3.  Cannot ignore what is clearly "baiting" remarks.

Come on guys, can't we all play nice on this forum?  If not, please take it off line, or at least to direct emails.  

Guns at high noon, did not settle who was right or wrong ... just who was left.

My opinion and a nickle won't get you much.  

-Michael 
UKS-Texas


----------



## brianhunter (Aug 8, 2002)

> _Originally posted by eternalwhitebelt _
> 
> * I have a sneaking feeling that your thoughts come from your police background. *




I get cussed out flipped off, called names, threatened all the time id like to think I handle it well...you have jerks in law enforcement just like you have jerks in kenpo...Id like to think Im not half bad 

If you go demanding to be called "officer, seargent. sir" or whatever your just doing your part to escalate something your trying to calm down anyways......There are good cops out there keep the faith!


----------



## jeffkyle (Aug 8, 2002)

> _Originally posted by brianhunter _
> 
> *
> 
> ...





That is being a bit positive don't you think????


----------



## brianhunter (Aug 8, 2002)

> _Originally posted by jeffkyle _
> 
> *
> 
> ...




Hey your half empty Im half full (of it) it all comes out in the wash


----------



## jeffkyle (Aug 8, 2002)

> _Originally posted by brianhunter _
> 
> *
> 
> ...




Along with all of your spare change.


----------



## arnisador (Aug 8, 2002)

Sushi _is_ raw fish. I won't brook any dissension on this point.


----------



## RCastillo (Aug 8, 2002)

> _Originally posted by arnisador _
> 
> *Sushi is raw fish. I won't brook any dissension on this point. *



Good, I was about ready to call the FDA!:rofl:


----------



## Rob_Broad (Aug 8, 2002)

> _Originally posted by arnisador _
> 
> *Sushi is raw fish. I won't brook any dissension on this point. *



Sushi is bait to catch bigger fish!


----------



## Robbo (Aug 8, 2002)

Sashimi is actually raw fish. Sushi is still cooked by the oxidation of sauces and vinegars, just not by heat.

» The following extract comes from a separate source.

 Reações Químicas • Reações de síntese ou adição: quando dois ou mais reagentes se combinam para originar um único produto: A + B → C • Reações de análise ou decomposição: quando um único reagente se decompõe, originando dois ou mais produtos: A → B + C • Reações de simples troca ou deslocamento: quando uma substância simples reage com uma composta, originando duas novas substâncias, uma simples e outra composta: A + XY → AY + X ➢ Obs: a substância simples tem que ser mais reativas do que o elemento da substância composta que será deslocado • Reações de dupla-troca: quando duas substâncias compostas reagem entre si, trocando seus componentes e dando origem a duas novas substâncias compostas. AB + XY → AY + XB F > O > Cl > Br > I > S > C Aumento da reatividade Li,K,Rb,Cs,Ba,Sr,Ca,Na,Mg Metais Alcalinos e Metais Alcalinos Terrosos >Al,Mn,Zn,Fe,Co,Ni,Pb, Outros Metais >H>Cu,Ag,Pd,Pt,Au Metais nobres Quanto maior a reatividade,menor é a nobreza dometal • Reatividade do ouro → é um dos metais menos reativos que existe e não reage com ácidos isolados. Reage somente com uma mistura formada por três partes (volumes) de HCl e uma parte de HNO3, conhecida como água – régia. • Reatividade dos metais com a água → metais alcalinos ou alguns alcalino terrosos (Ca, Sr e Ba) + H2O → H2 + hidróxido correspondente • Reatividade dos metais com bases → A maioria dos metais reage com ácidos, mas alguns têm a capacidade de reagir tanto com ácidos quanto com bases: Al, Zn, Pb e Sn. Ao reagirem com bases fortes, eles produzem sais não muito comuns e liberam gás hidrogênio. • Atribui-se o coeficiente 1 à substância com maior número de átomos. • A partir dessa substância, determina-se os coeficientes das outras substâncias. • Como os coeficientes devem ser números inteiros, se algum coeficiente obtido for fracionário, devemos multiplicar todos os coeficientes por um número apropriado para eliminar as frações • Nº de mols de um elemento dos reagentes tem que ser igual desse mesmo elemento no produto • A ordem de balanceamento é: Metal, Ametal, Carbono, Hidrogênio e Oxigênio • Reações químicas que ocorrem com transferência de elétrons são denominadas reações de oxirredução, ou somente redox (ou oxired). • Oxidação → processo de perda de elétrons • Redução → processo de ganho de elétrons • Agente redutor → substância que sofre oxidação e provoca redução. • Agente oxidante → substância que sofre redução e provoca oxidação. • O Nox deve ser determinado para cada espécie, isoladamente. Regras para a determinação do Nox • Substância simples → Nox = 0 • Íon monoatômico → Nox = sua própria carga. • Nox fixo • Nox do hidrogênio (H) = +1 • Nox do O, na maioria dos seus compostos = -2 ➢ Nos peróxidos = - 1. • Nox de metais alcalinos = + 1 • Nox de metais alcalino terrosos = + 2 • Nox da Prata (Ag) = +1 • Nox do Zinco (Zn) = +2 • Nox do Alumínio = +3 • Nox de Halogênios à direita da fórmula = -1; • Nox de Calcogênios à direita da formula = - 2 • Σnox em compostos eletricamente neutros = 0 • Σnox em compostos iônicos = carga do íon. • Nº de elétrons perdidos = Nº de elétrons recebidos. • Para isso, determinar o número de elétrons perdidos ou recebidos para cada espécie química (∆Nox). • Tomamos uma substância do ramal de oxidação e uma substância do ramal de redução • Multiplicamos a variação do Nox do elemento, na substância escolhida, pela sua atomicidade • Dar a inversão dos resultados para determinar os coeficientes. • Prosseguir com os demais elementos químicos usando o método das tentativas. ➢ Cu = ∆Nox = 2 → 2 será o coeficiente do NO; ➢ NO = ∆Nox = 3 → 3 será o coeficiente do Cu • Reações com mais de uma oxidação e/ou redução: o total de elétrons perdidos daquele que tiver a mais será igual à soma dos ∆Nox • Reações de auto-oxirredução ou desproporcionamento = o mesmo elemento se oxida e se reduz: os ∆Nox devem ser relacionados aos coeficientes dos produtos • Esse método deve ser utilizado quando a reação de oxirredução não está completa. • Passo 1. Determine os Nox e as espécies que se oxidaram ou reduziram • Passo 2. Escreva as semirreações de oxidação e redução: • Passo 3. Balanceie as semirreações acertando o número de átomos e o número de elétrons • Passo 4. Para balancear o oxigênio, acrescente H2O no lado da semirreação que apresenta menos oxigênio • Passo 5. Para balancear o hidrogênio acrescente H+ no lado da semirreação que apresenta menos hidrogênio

Sorry but my wife beats this into me every time I say raw fish is Sushi. 

Rob


----------



## WilliamTLear (Aug 8, 2002)

> _Originally posted by Michael Billings _
> 
> *
> 
> ...



A dollar isn't a dollar without a nickle!

Billy


----------



## ProfessorKenpo (Aug 8, 2002)

> _Originally posted by Sigung86 _
> 
> *
> Clyde, rebellion for rebellion's sake isn't always a good thing.  I'm not saying that to get an argument started... You know me better than that.  That would be the Right Reverend BoB's job! :lol:
> ...



Of course I know that Dan (Notice the first name LOL) but it's not a rebellion, it's what I've always thought about issues such as these.     I figure anyone who demands respect doesn't need it, and I certainly won't be the one who gives it, in speech or in action.   I've also got some pretty radical views on Immigration and Import/Export policy of the U.S. but I can save that for Netmeeting when you get it running again (Big Hint).

Have a great Kenpo day

Clyde


----------



## eternalwhitebelt (Aug 8, 2002)

Mr. Farmer, 

I agree with most of what you have posted although I am sure some of it was directed to me for the simple fact that I would doubt you would direct any of it toward your instructor.  The times are a changin'.  I still find it strange that people would be offended by someone calling them by their first name.  It would never cross my mind to reject someone on such simple terms.  Doc stated that everyone deserves respect untill they prove otherwise, well Hell I believe the same thing.  I also believe that everyone is my friend untill they prove otherwise.  Is this so difficult to understand?  If you read back through the posts there were simple questions asked, even after a disparaging remark that started it all, these questions were never answered and never are.  Doc could put a lot of the negtivity towards him to rest if he would just anwser some simple questions.  Okay moving on..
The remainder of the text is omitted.